━━━ RECORDS PROVIDED

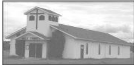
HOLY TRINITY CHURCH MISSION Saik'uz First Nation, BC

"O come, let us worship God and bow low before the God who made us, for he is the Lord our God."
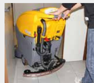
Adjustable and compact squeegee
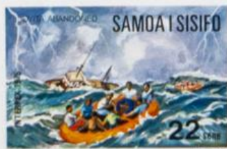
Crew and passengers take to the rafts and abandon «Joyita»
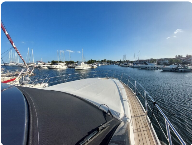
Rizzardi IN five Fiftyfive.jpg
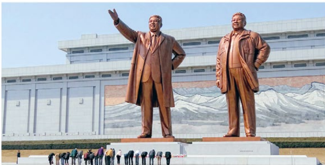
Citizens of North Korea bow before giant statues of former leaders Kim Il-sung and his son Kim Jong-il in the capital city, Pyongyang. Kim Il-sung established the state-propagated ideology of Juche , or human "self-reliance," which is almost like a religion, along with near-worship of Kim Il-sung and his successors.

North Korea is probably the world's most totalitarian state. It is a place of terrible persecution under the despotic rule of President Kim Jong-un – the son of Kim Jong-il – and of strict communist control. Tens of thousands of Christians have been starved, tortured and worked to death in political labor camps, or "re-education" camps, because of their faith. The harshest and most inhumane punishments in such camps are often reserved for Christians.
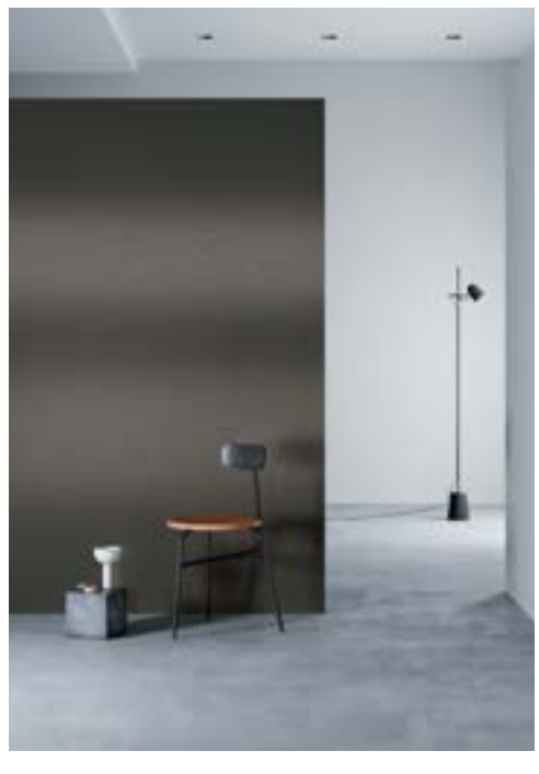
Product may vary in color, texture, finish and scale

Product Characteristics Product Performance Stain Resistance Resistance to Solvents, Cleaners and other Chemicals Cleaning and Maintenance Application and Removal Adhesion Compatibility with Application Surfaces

━━━━━━
━━━ RECORDS PROVIDED

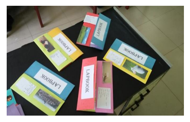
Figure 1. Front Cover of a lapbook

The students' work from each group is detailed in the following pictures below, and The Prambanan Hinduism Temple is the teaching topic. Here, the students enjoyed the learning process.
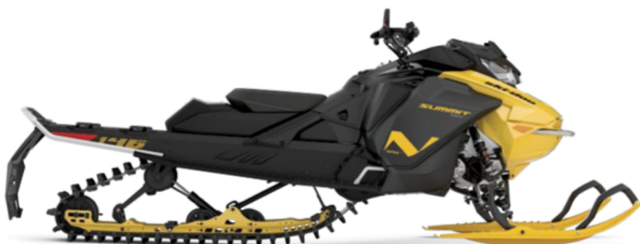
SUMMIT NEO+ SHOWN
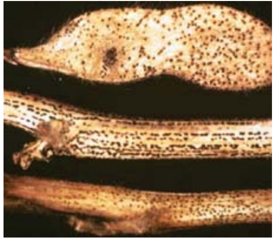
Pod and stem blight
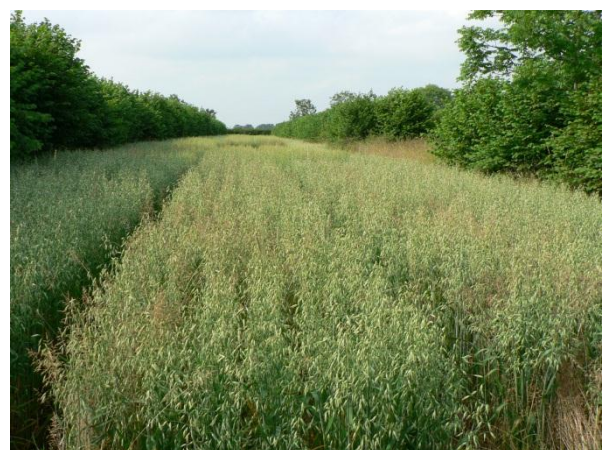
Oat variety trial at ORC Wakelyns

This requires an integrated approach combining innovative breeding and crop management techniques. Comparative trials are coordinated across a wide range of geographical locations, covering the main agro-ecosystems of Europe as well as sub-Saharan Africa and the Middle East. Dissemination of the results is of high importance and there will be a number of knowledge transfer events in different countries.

━━━━━━

◆ BRIEF: Only the lines above that hold "Product" are wanted. Show every one of them.

◆ TASK OUTPUT:
Product may vary in color, texture, finish and scale
Product Characteristics Product Performance Stain Resistance Resistance to Solvents, Cleaners and other Chemicals Cleaning and Maintenance Application and Removal Adhesion Compatibility with Application Surfaces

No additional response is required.